Unless you're Al Gore or Donald Trump. Then you can afford to put your lens on everything.
P.S. Dana writes way better stripper scenes than I do.
That's an enticement to read Dana, and maybe compare his stripper scenes to those of Roger Smith, whose Capture I read recently.
I would blame no one in the United States for keeping his opinions to himself. It is all too easy for an opinion of any strength or eloquence at all to be co-opted by what passes for right or left.
It would be easy to guess that you made Maynard a Western-style outsider, so he could comment on everything and everybody.
You'd guess right. The thing about critical outsiders, though, is that they expose their faults by showing up in the first place. More paradoxical fun!
The next installment may be a collaboration with another author and set in Canada. Now there's some outsidership for you.

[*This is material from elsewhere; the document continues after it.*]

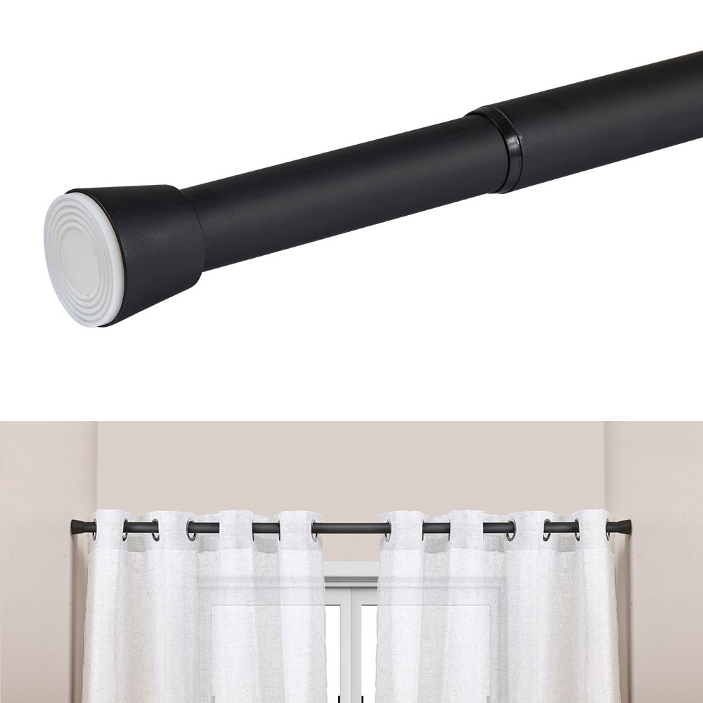 Barra de cortina extensível por pressão Ø28 mm – Preta (140-250 cm)
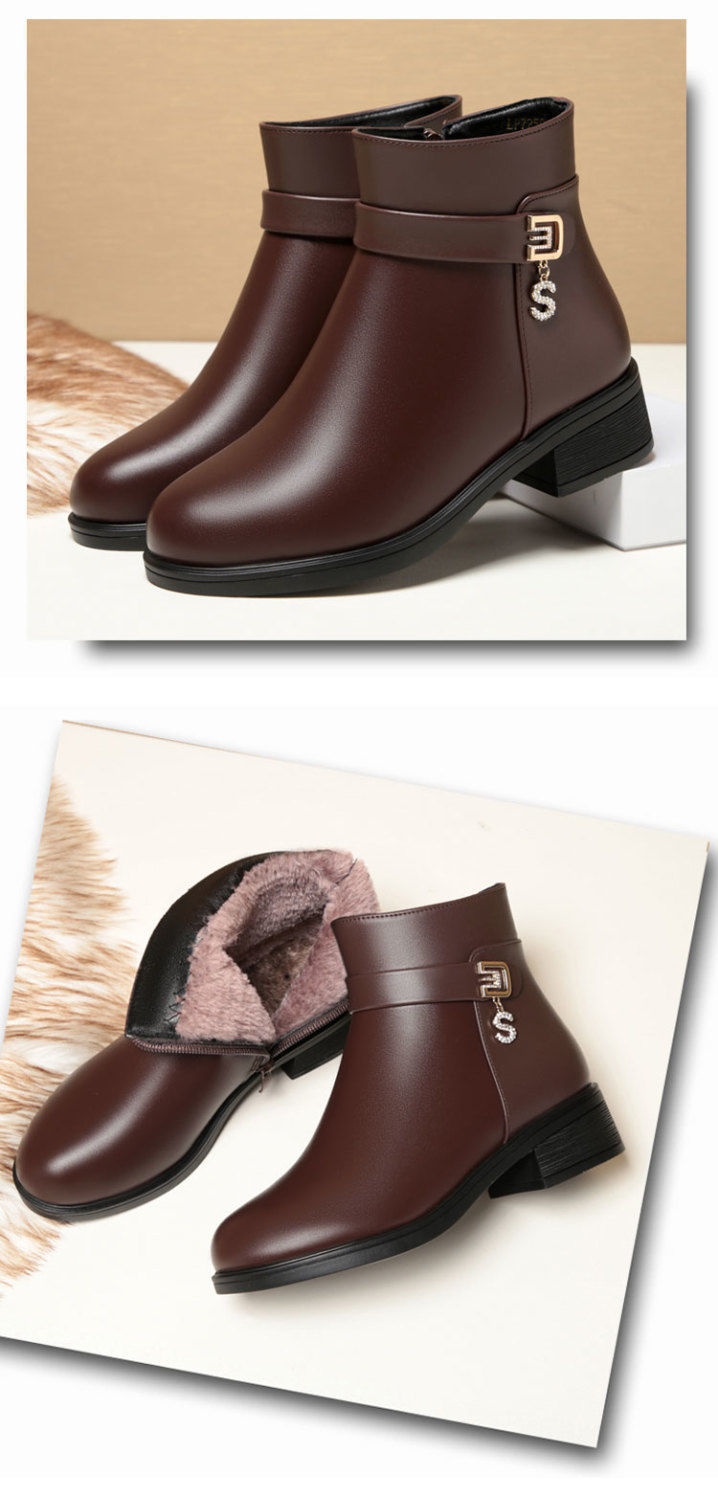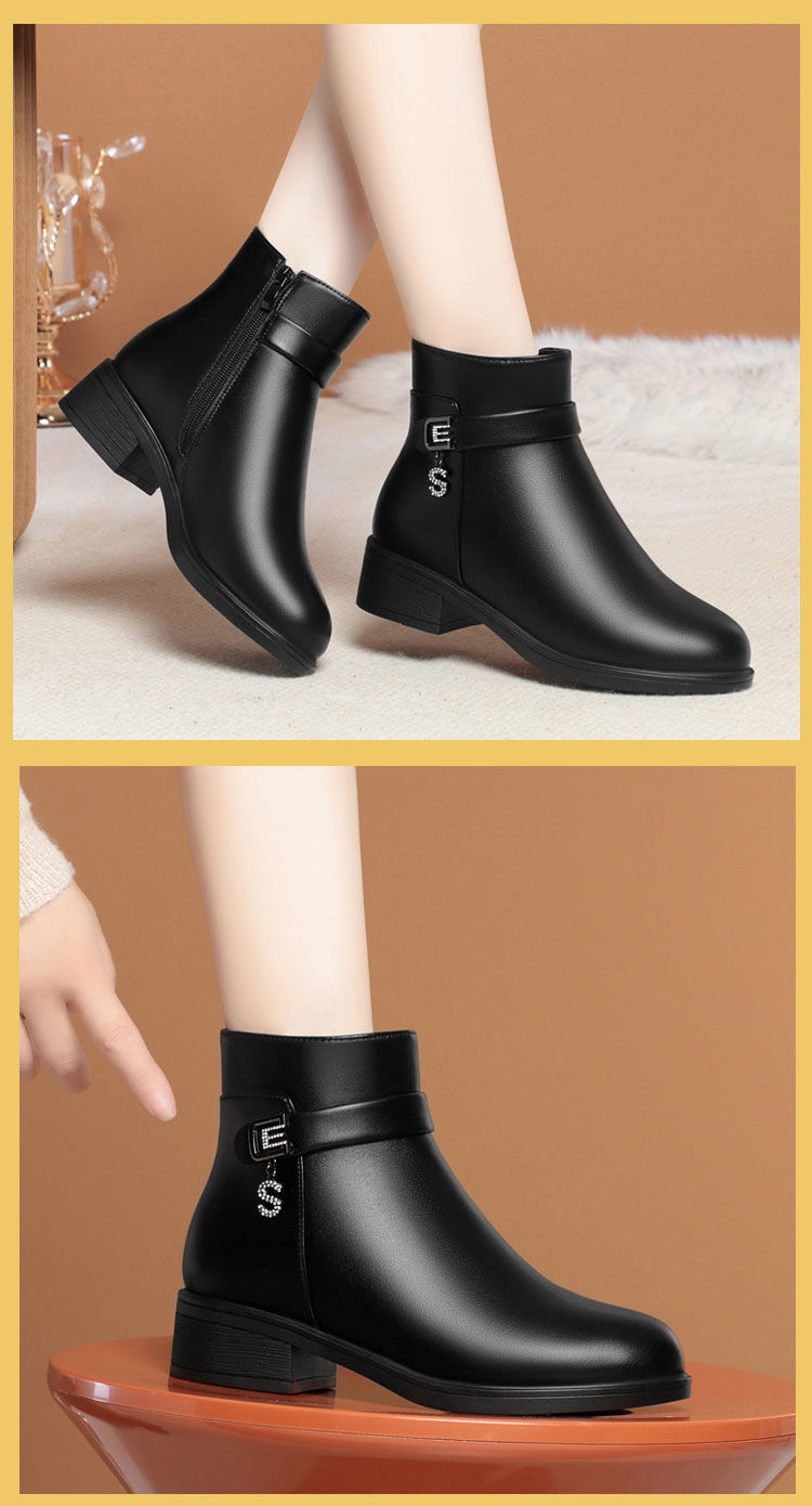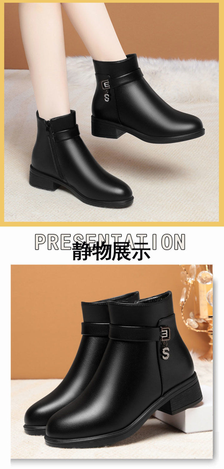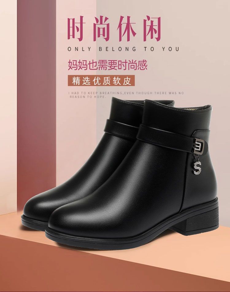 Толстые каблуки с мягким дном плюс бархатные хлопчатобумажные туфли для мамы 2024 зимой теплые и нескользкие сапоги для женщин среднего и пожилого возраста, дикие модные сапоги

Maynard is hard on himself as he is on others, so I believe that.
There's some outsidership, not to mention a guessing game about who the author is and the potential for jokes about draft dodgers skipping for Canada.
And people leaving the US for Canada because of the SCOTUS decision on the health insurance mandate.
But back in the ficitonal world, folks leaving for Canada becayse of the Supreme Court decision is a delicious field for comedy.
(One or two folks with dual citizenship heading the other way when they don't want to wait in line for an operation, perhaps? That does happen in real life.)